Billy sighs as she rakes the dark slope of his back. Her arm is getting tired, but she can hardly give up when he loves it this much. He deserves it, too, after being so good with Kate’s two cats. It was an uneasy truce, vibrating with mistrust, but it held. The three of them might even come to like each other, given time.

Besides, left untended, Billy’s lovely coat would soon degrade to the state it was in when she found him. She was walking the twilit shoulder back from the arena, skates in hand, when he came bounding out of the scrub. They were strangers to one another, yet she felt no fear. It was as though he’d belonged to her since weaning. As though he’d broken her heart by going missing but had finally found his way home.

They were both still babies, Lily not yet twelve, Billy full height but only half as solid as he would become. She laid a hand to him and felt the evidence of neglect—untold twigs and burrs, great clots and shingles of felted fur. After sneaking him into the garage, she smuggled out three cans of Chunky beef soup to keep him busy, and set to work with an old brush of her own. It was the wrong tool for the job. In the end she had no choice but to cut the whole mess away.

Clipped down to a centimetre of fuzz, he could no longer
hide the hunger he’d endured. It may have been what saved him. She’d never dreamt she’d be allowed to keep him, but it turned out the sight of a naked, emaciated dog could touch even a rotten heart. Or it might have been simpler than that. No favour without a price tag. No debt that doesn’t come due.

Lily lays down the brush and looks up at the skinny moon, a massive claw left hanging in the sky. She knows what’s really up there—the pocked and stony sphere, the earth’s fat shadow playing tricks—yet she can’t help but believe in what she sees.

Closing her eyes, she works her hands into Billy’s neck ruff, feeling for ticks. So far there’s been no mention of Mowgli picking parasites off his fellow wolves, but he must have; it wouldn’t be fair to keep those clever fingers to himself. Baloo, too—why wouldn’t they like bear blood? It’s hard to imagine one latching on to Bagheera, though. Piercing that perfect black hide.

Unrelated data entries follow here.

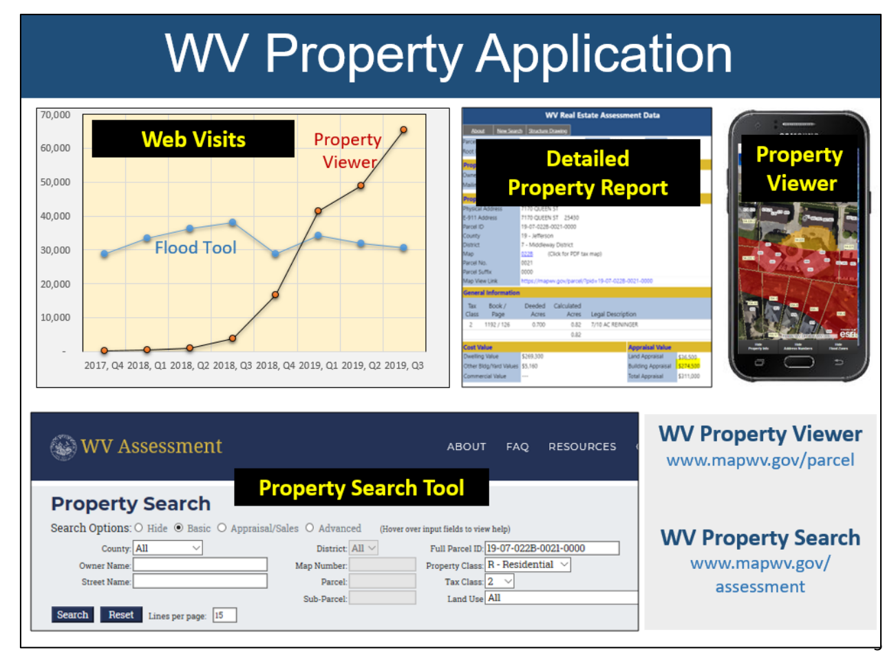
Figure 4. The popular WV Property Application allows for searching and locating property records (<u>www.mapwv.gov/assessment</u>)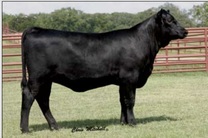
44 Ruby of Tiffany W927

180 Big, Stout Angus Bulls & 30 Red Angus Bulls to be Sold on October 23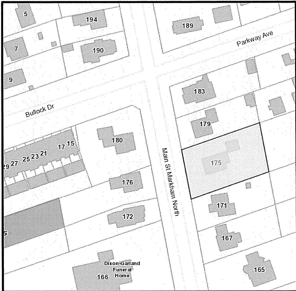
Figure 1 - Location Map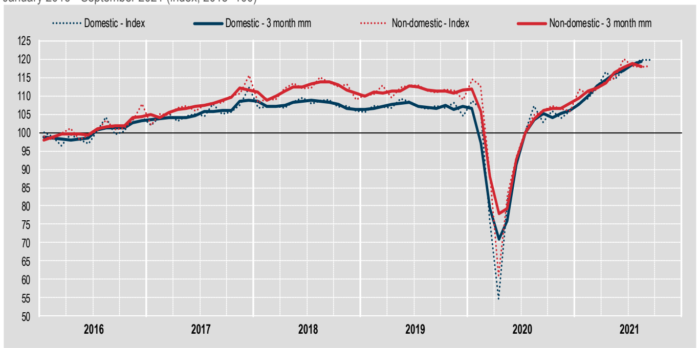
CHART 3. INDUSTRIAL TURNOVER, MONTH ON SAME MONTH A YEAR AGO PERCENTAGE CHANGES January 2017 - September 2021, calendar adjusted data (index, 2015=100)

January 2016 - September 2021 (index, 2015=100)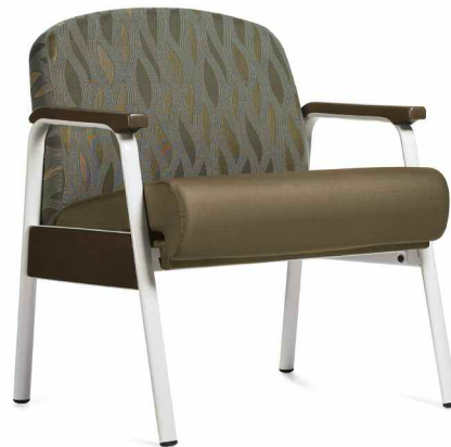
GC4871 Careflex bariatric single lounge chair.

Careflex incorporates safety, functional simplicity and value without compromising comfort. Specially designed for acute and senior care facilities, the Careflex's 1.5" sleek oval metal frame can endure the most rigorous environment. Unique solutions include Bariatric Seating warranted to 750 lbs and "Weighted" Seating options. The powder coated epoxy paint finish ensures exceptional durability in both public and private room settings. A wide range of product,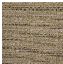
5064-04 VANNERIE - ABSINTHE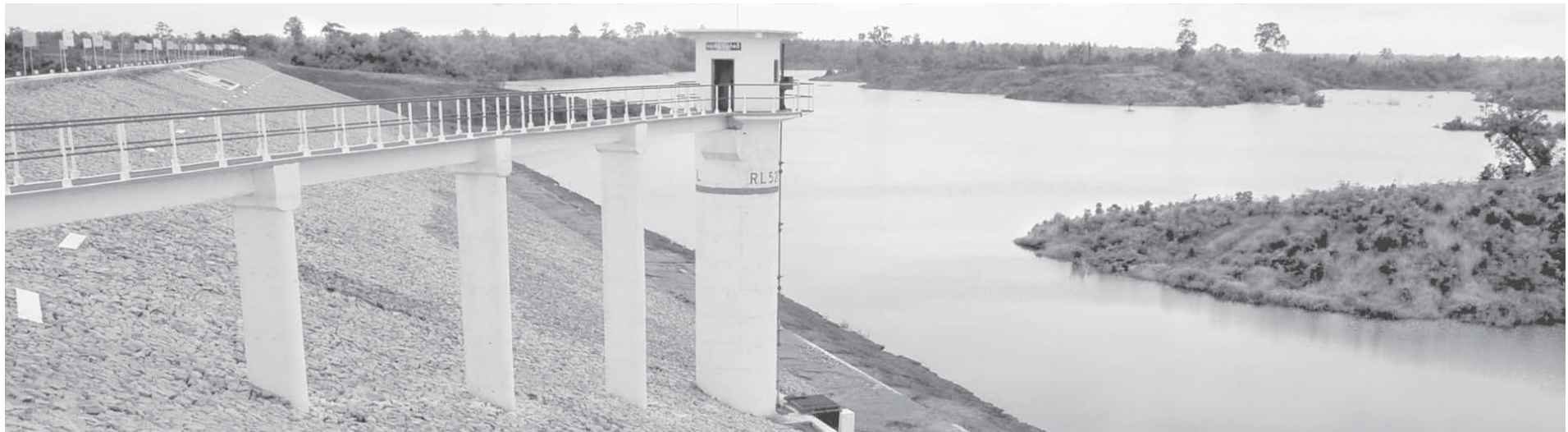
Photo shows storage of water at Chaungmange Dam built near Pannyosein Village of Nay Pyi Taw Lewe Township. (See page 10)

Article: Nu Nu Yi & Aye Thanda Thein; Photo: Myanma Alin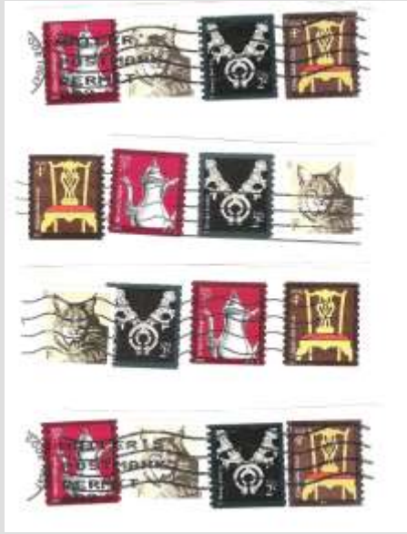
Clippings from direct-mail appeals using four low-value coils apiece (total, 10¢, the minimum franking for standard-class presort mail)

She’s had a few herself—one in her neck, a few in her armpits and crotch—but in general they seem to prefer the taste of dog. She hates the idea of them clinging to him, forcing their little heads into his flesh.

It was Stephen who taught her how to get them out. The third time she visited the wrecking yard, Guy wasn’t around. The pretty-boy who came when she buzzed seemed to know all about her, and leaving would’ve meant finding Billy’s breakfast elsewhere, not to mention going without something to read.

After following Stephen back to the kitchen at a safe distance, she filled the kibble bowl to overflowing then crossed quickly to Guy’s room. When she returned with
Never Cry Wolf
in her hand, Stephen was kneeling in front of her dog.
She knew the flush of unreasonable panic she always felt when Billy made a new friend. It turned to shame when Stephen showed her the three black bloodsuckers he’d found.

“You’re bound to miss a few in a coat like this,” he told her. No way to take that but as a kindness. “You know not to twist them out, right? Don’t pop them while they’re dug in, either. Just pinch in tight against the skin and pull, slow and steady, until you feel it release.”

Having ploughed through Billy’s mane, Lily shifts to the rich hunting ground around his ears. Sure enough, at the base of the left one, her thumb stumbles on a swollen nub. She gets in tight with her nails and tweezes, lifts the tick and the skin it’s anchored to, and counts off the seconds in her head. At seventy-seven the fucker finally lets go.

She could flick it into the bushes, but what if it finds its way back, crawls up onto Billy and bores into him again? Better to finish the job.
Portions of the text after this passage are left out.